College of Life Sciences, Shandong Provincial Key Laboratory of Animal Resistance Biology, Institute of Biomedical Sciences, Shandong Normal University, Jinan, Shandong, 250014, China.
College of Life Sciences, Shandong Provincial Key Laboratory of Animal Resistance Biology, Institute of Biomedical Sciences, Shandong Normal University, Jinan, Shandong, 250014, China.
Exp Cell Res. 2020 Sep 15;394(2):112151. doi: 10.1016/j.yexcr.2020.112151. Epub 2020 Jun 23.
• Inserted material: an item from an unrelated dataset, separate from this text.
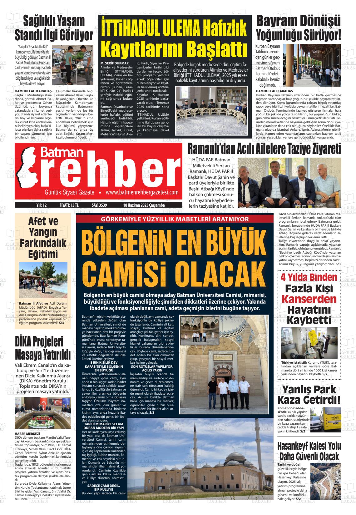 Gazetemiz Batman Rehber’in 18 Haziran tarihli manşeti
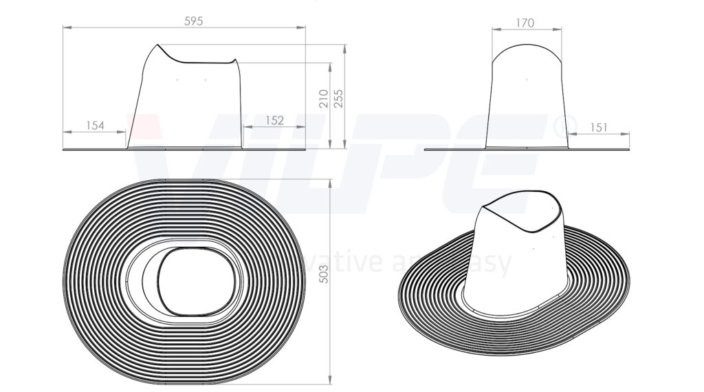 Zastosowanie: Przejście dachowe stosowane dla dachów bitumicznych. Montuje się je pomiędzy dwie warstwy pokrycia dachu. Dla dachów o spadku mniejszym niż 20%.

Di-(2-ethylhexyl) phthalate (diethylhexyl phthalate, DEHP) can cause male reproductive damage in rodents and human. Moreover, DEHP is known to promote transgenerational inheritance of adult-onset disease in subsequent generations after maternal exposure during fetal gonadal development. The PI3K/Akt/mTOR signaling pathway has been implicated in germ cell survival following testicular damage. In this study, a F0 gestation DEHP exposure and transgenerational inheritance testis injury model was established to study the testis injury phenotype and the expression and activation of members of PI3K/Akt/mTOR signaling pathway in the testis of F1-F3 generation mice. We found that the bodyweight and the anogenital distance (AGD) are reduced only in F1 mice, the sperm motility and deformity decreased in F1-F3 mice, and the testicular histomorphology damagedin F1-F3 mice; however the sperm motility and deformity rates are increased and the histomorphological injury is repaired during the transgenerational process. We also found the activation of PI3K/Akt/mTOR signaling pathway is enhanced in F1 and F2, and the number of apoptotic cells is decreased in F3 generation mice compared to the control group. These results suggest that the PI3K/Akt/mTOR signaling pathway may be activated to promote the proliferation and differentiation and protect testicular cells from apoptosis in the F1 and F2 generation mice after direct exposure to DEHP.
邻苯二甲酸二(2-乙基己基)酯(DEHP)可导致啮齿动物和人类雄性生殖损伤。此外,已知 DEHP 可促进母体在胎儿性腺发育期间暴露后,后代发生成年发病的跨代遗传。PI3K/Akt/mTOR 信号通路已被牵涉到睾丸损伤后生殖细胞的存活中。在这项研究中,建立了 F0 妊娠 DEHP 暴露和跨代遗传睾丸损伤模型,以研究睾丸损伤表型以及 PI3K/Akt/mTOR 信号通路成员在 F1-F3 代小鼠睾丸中的表达和激活。我们发现,只有 F1 代小鼠的体重和肛殖距(AGD)降低,F1-F3 代小鼠的精子活力和畸形率降低,F1-F3 代小鼠的睾丸组织形态学受损;然而,在跨代过程中,精子活力和畸形率增加,组织形态学损伤得到修复。我们还发现,PI3K/Akt/mTOR 信号通路的激活在 F1 和 F2 代增强,与对照组相比,F3 代小鼠的凋亡细胞数量减少。这些结果表明,PI3K/Akt/mTOR 信号通路可能被激活,以促进增殖和分化,并保护 F1 和 F2 代小鼠睾丸细胞免受 DEHP 的直接暴露引起的凋亡。